Se me lo chiede oggi, sono costretto a dirle che „non ne ho proprio idea“. Per quanto le ho detto prima, non credo che possa essere una mia scelta quella di proseguire, o meno, nella carriera di autore. La poesia ti sceglie e ti chiama quando meno te lo aspetti, e la vita si diverte ad allontanarti dai tragitti prestabiliti per portarti in lidi sconosciuti. Quello che posso dire con certezza è che sono pronto a tutto, voglio abbracciare e sposare il domani che verrà.
Riserviamo l’ultima parte dell’intervista a domande personali. Conosciamo meglio l’autore, ci racconti, di cosa si occupa? Si vuole raccontare e vuole raccontarci il suo mondo privato?

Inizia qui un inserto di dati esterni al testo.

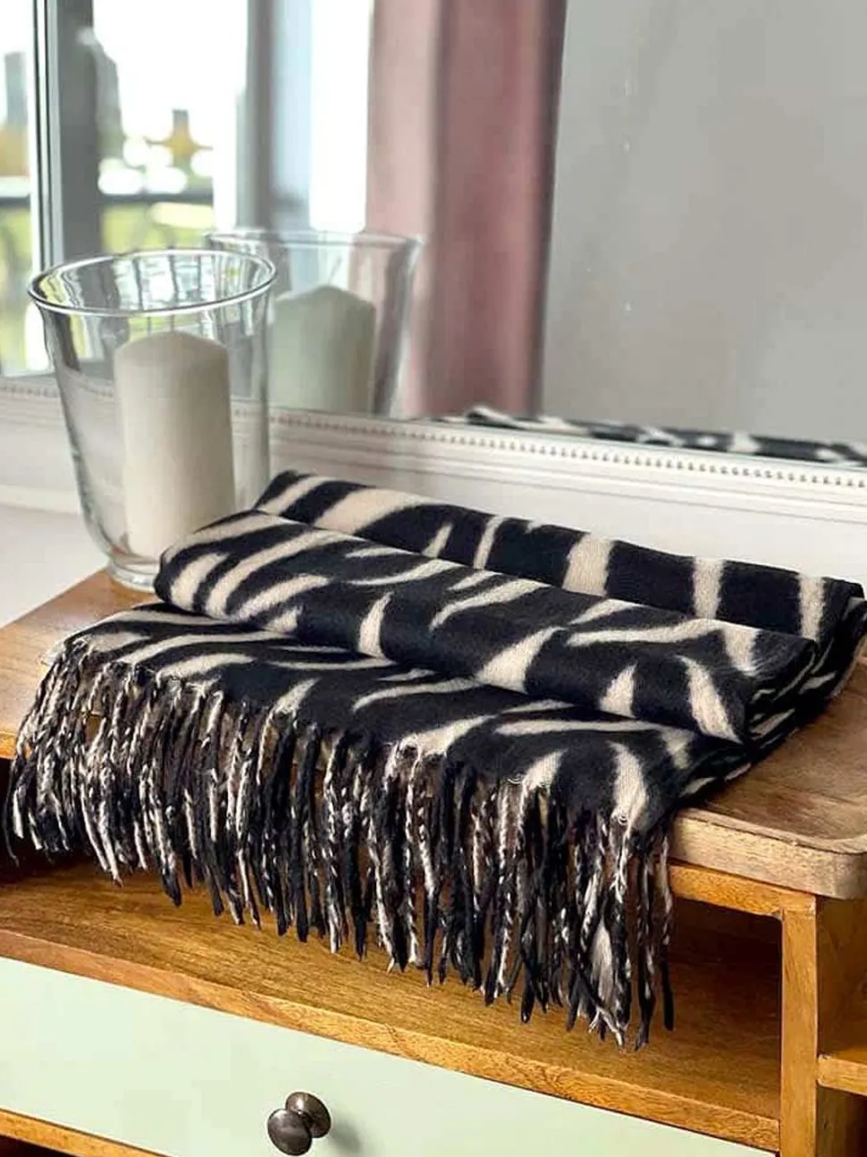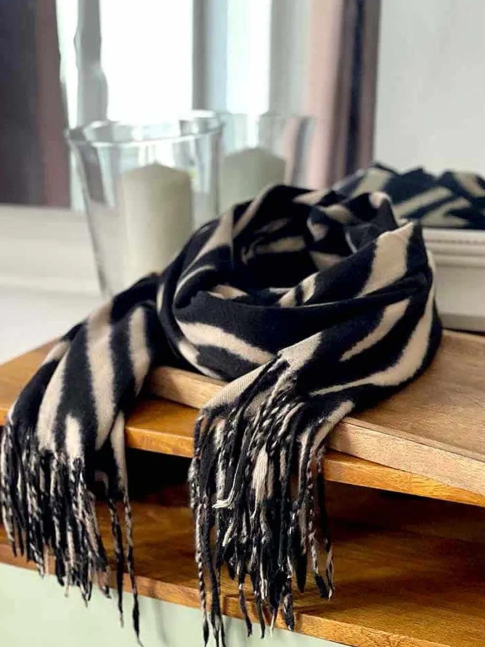 - Écharpe Iriselle : Style Naturel Et Sophistiqué En Beige Et Noir.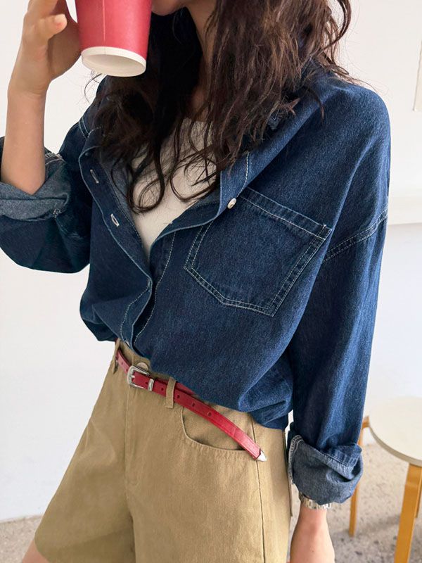 【C55636】韓國DLY 口袋牛仔襯衫-素面弧形下襬開襟排釦長袖上衣外套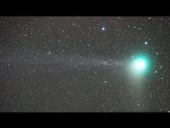 (3枚目)約50分間隔で撮影した画像にて立体視用に作成しました。グーッと浮き上がる彗星の姿を印象的に見ることができます。見やすくするため画像処理を強度に行いました。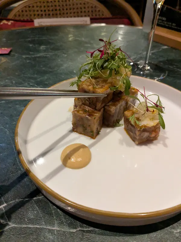 다음으로 도전한 것은 트러플 취두부였다. 사실, 취두부 특유의 냄새 때문에 살짝 망설였지만, 트러플과의 조합이 궁금했다. 젓가락으로 조심스럽게 집어 입에 넣는 순간, 예상치 못한 맛의 향연이 펼쳐졌다. 강렬한 취두부의 향이 트러플의 고급스러운 향과 어우러져, 묘한 조화를 이루는 것이었다. 함께 간 일행은 취두부를 즐겨 먹는 편이라며, 극찬을 아끼지 않았다. 마치 현지 포장마차 수준의 냄새를 고급스럽게 승화시킨 듯한 느낌이었다.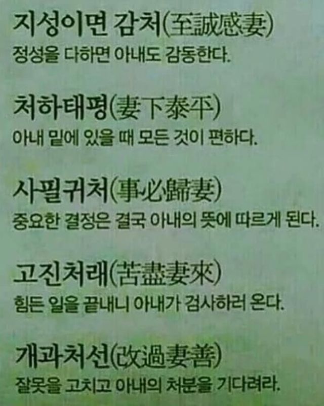 장우혁은 이와 함께 사자성어를 본따서 만든 신조어인 '개과처선', '처하태평' 등의 의미가 담긴 문구를 공유했다. 개과처선은 '잘못을 고치고 아내의 처분을 기다려라', 처하태평은 '아내 밑에 있을 때 모든 것이 편하다'라는 의미다.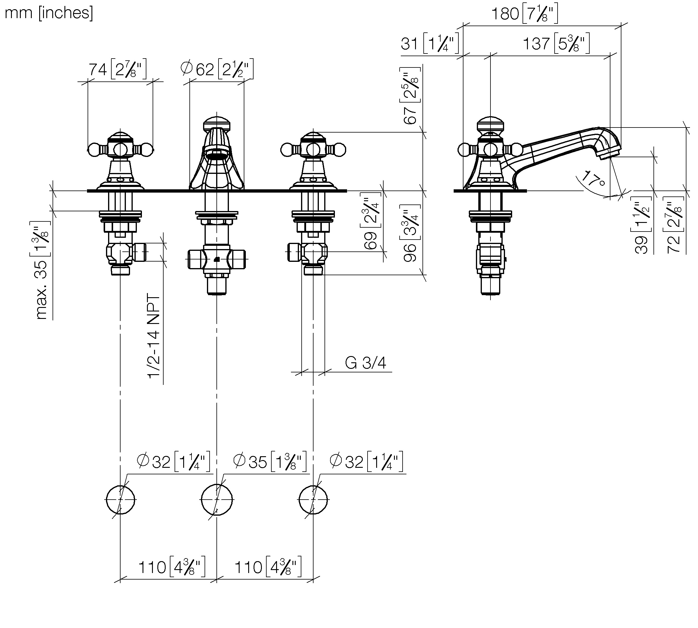 - Spout hole diameter: 1-3/8"

Nella vita di tutti i giorni sono un avvocato. Ho conseguito l’abilitazione all'esercizio della professione forense da circa un anno e oggi mi occupo di Diritto Penale e di Diritto Sportivo. La mia è una scelta col sorriso sulle labbra, in barba alle difficoltà che, oggi come oggi, investono tutti coloro che optano per questo tipo di carriera. Faccio mia quella bellissima frase che dice: „Scegli il lavoro che ami e non lavorerai mai, neanche per un giorno in tutta la tua vita“
Come esprime la sua creatività? Concentra la sua creatività nella scrittura o usa altre forme espressive?
Mi piace la creatività in tutte le sue forme e trovo che le persone creative abbiano una marcia in più, oltre che una sensibilità superiore alla media. Io ho scelto la strada della scrittura perchè è quella che sento maggiormente mia; un tempo mi dilettavo anche a cantare in un gruppo di amici, ma ho capito ben presto di non poter andare troppo lontano (ride, n.d.r.)
C’è un motto, una frase o un aforisma che potrebbe caratterizzarla?
Ce ne sono davvero tanti. Se devo sceglierne uno, allora dico <>. E‘ una frase di Giovanni Paolo II che suona come un monito per ciascuno di noi.
Cosa le piace?
Ho un debole per la sincerità, la semplicità, le assunzioni di responsabilità (bisogna sempre saperci mettere la faccia). Adoro viaggiare, scoprire nuovi posti e nuove persone, non fermarmi mai. Sono un grande tifoso di calcio e mi piace uscire con gli amici a sorseggiare qualcosa parlando del più e del meno.
Cosa non le piace?
Lo scoramento, la noia, la staticità. Odio le convenzioni, i ruoli prestabiliti, i preconcetti. Mi fa paura la solitudine e disprezzo le persone che abbandonano o voltano le spalle.
Il libro più bello che ha letto negli ultimi 3 anni?
Ho avuto la fortuna di ricevere in regalo, da un’amica, un libro contenente le principali opere di Pietro Metastasio. Fin dai tempi del liceo, Metastasio rappresenta uno dei miei autori preferiti; è stato quindi un immenso piacere immergermi nei suoi scritti e trarre ulteriore fonte di ispirazione per la mia scrittura.
Nella sua vita cosa reputa fondamentale?

Pochi ma imprescindibili ingredienti: Dio, la famiglia, l’amore, gli amici. Il resto conta poco, davvero poco!